(TASK INPUTS Opens)

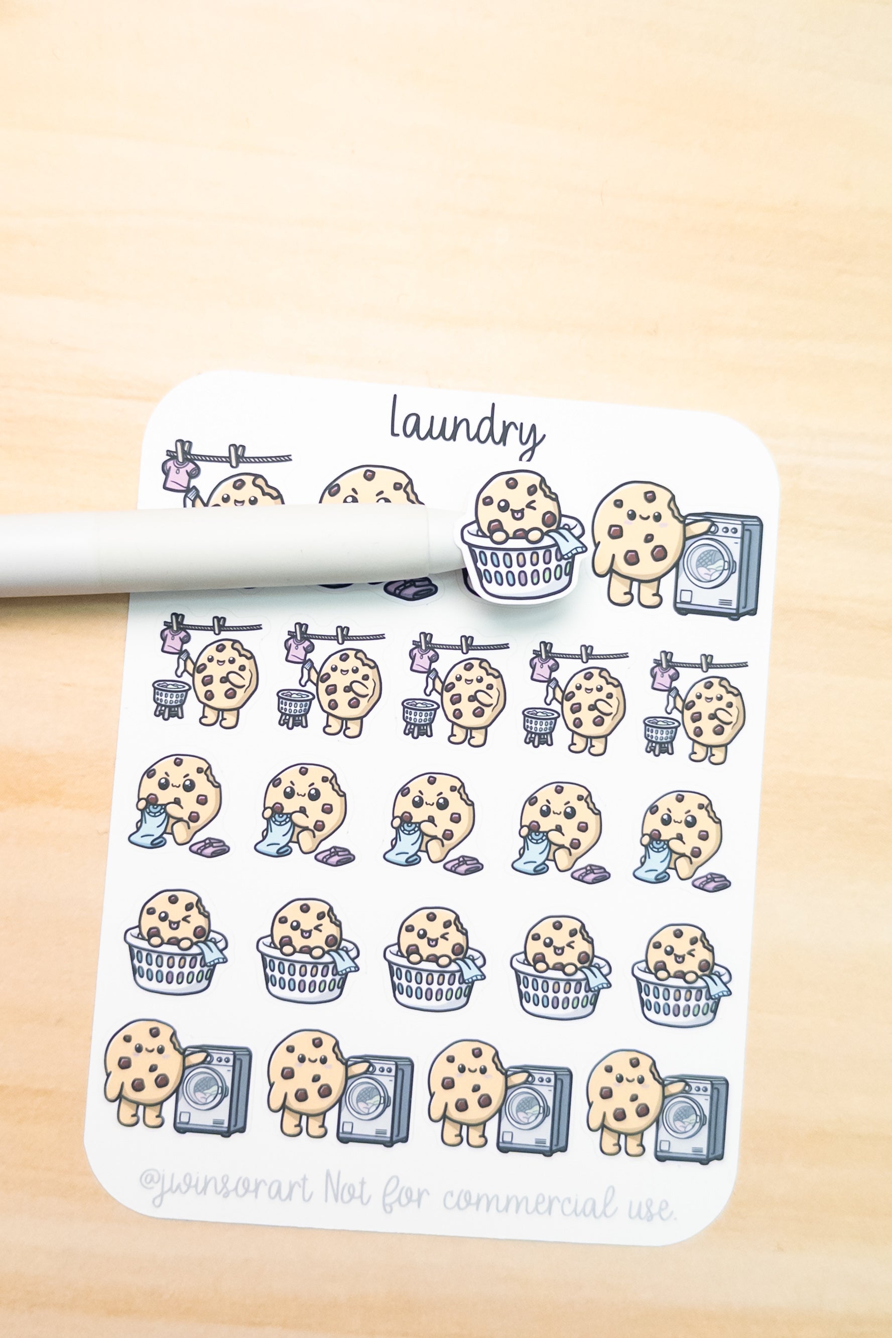 Laundry day themed cookie character stickers for your planner, bullet journal, and other scrapbooking needs. Done in a simple, cute, kawaii art style.
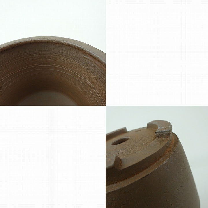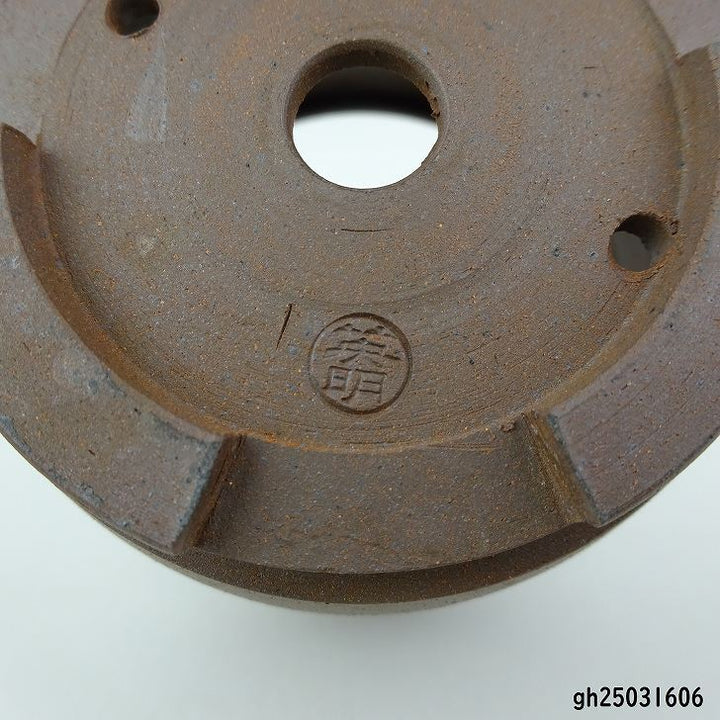 【中古】盆栽鉢 常滑 英明 小鉢 長辺 約 8cm 丸鉢 泥物 現品 中古鉢 本名 清水英明 父・燿山は盆器職人で常滑でも有数の釉薬大家。 製品は約50cmくらいまでの小、中品釉物主で基本的に丸鉢はロクロ、それ以外の盆器は押型で作られる。押型は厚めに型取りして自ら削りなおす。猫足、絵付け、泥色鉢など多彩で一品制作に近いものと量産品がある。...
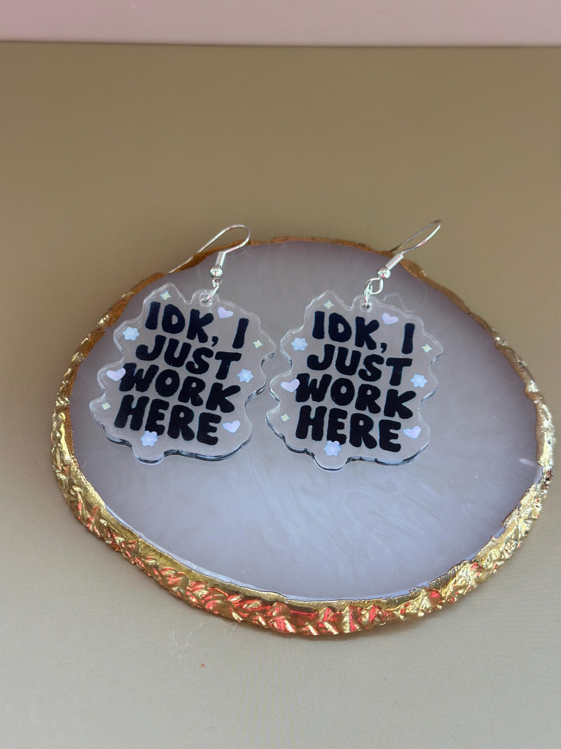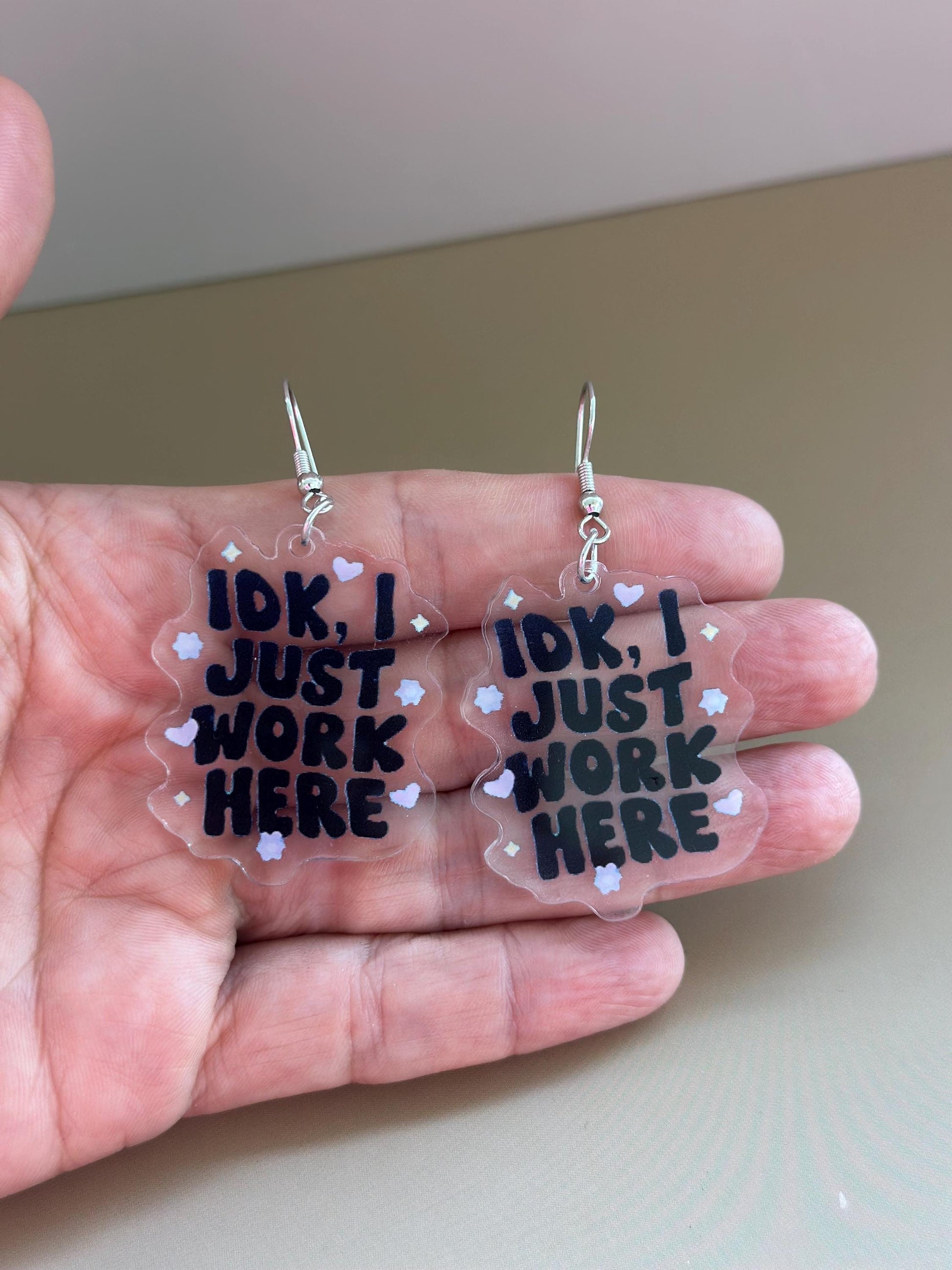 Crystal Clear IDK I just Work Here Earrings Funny Valentines Day Gift Funny Office Earrings I Don't Know Jewelry Coworker Gift Office Day Earrings Sarcastic Earrings.
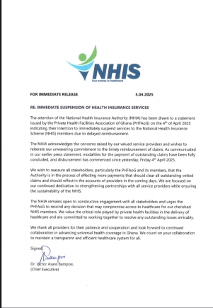 The National Health Insurance Authority (NHIA) has called on the Private Health Facilities Association of Ghana (PHFAoG) to reconsider its decision to suspend services to National Health Insurance Scheme (NHIS) cardholders over delayed claim reimbursements.
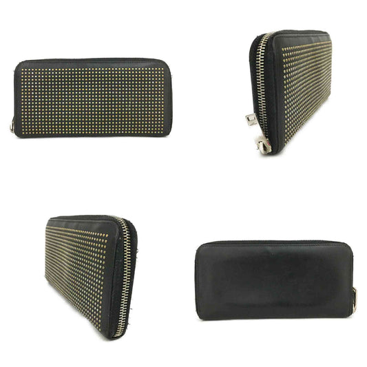 SAINT LAURENT Grain De Poudre Studded Zip Around Wallet Black
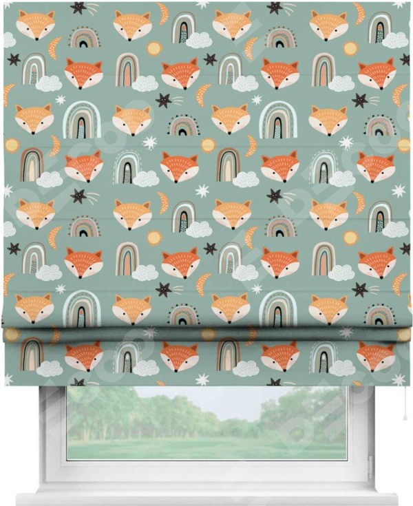 Римская штора производителя «Cortin», используется для проёма, пошита из ткани блэкаут с нанесением сублимационной печати «Озорные лисички». Имеет универсальный механизм и подходит для монтажа: на потолок, на стену и в нишу.
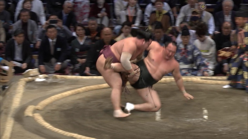 | Day | East | Kimarite(Winning Technique) | West | ||

(TASK INPUTS Closes)

**WHAT NEEDS TO BE DONE:** Your task is to give again, unchanged, the lines from the line that contains "The National Health" to the end of the records. Include both end lines but no pictures.

**TASK RESULT:**
 The National Health Insurance Authority (NHIA) has called on the Private Health Facilities Association of Ghana (PHFAoG) to reconsider its decision to suspend services to National Health Insurance Scheme (NHIS) cardholders over delayed claim reimbursements.
 SAINT LAURENT Grain De Poudre Studded Zip Around Wallet Black
 Римская штора производителя «Cortin», используется для проёма, пошита из ткани блэкаут с нанесением сублимационной печати «Озорные лисички». Имеет универсальный механизм и подходит для монтажа: на потолок, на стену и в нишу.
 | Day | East | Kimarite(Winning Technique) | West | ||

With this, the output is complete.